====== Available data

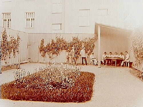 Försörjningsanstalten, promenadträdgården, 7 patienter och en vårdare.
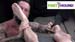 his bare soles and toes with his mouth. He massages one foot while
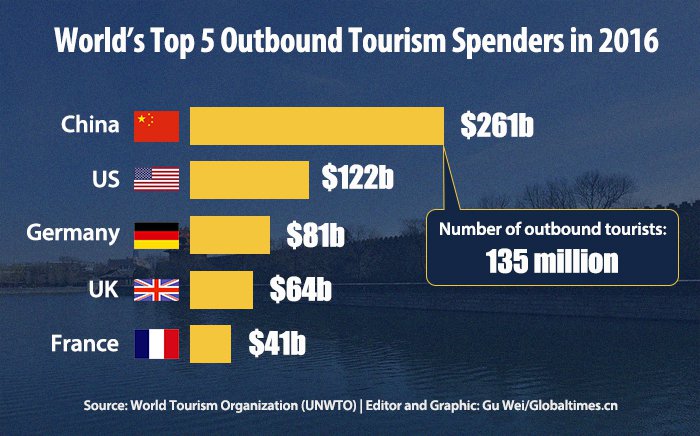 Chinese tourists spent $261 billion on tourism abroad in 2016, up $11 billion from 2015.

============

Pictures aside, repeat every line of the data above exactly.

 Försörjningsanstalten, promenadträdgården, 7 patienter och en vårdare.
 his bare soles and toes with his mouth. He massages one foot while
 Chinese tourists spent $261 billion on tourism abroad in 2016, up $11 billion from 2015.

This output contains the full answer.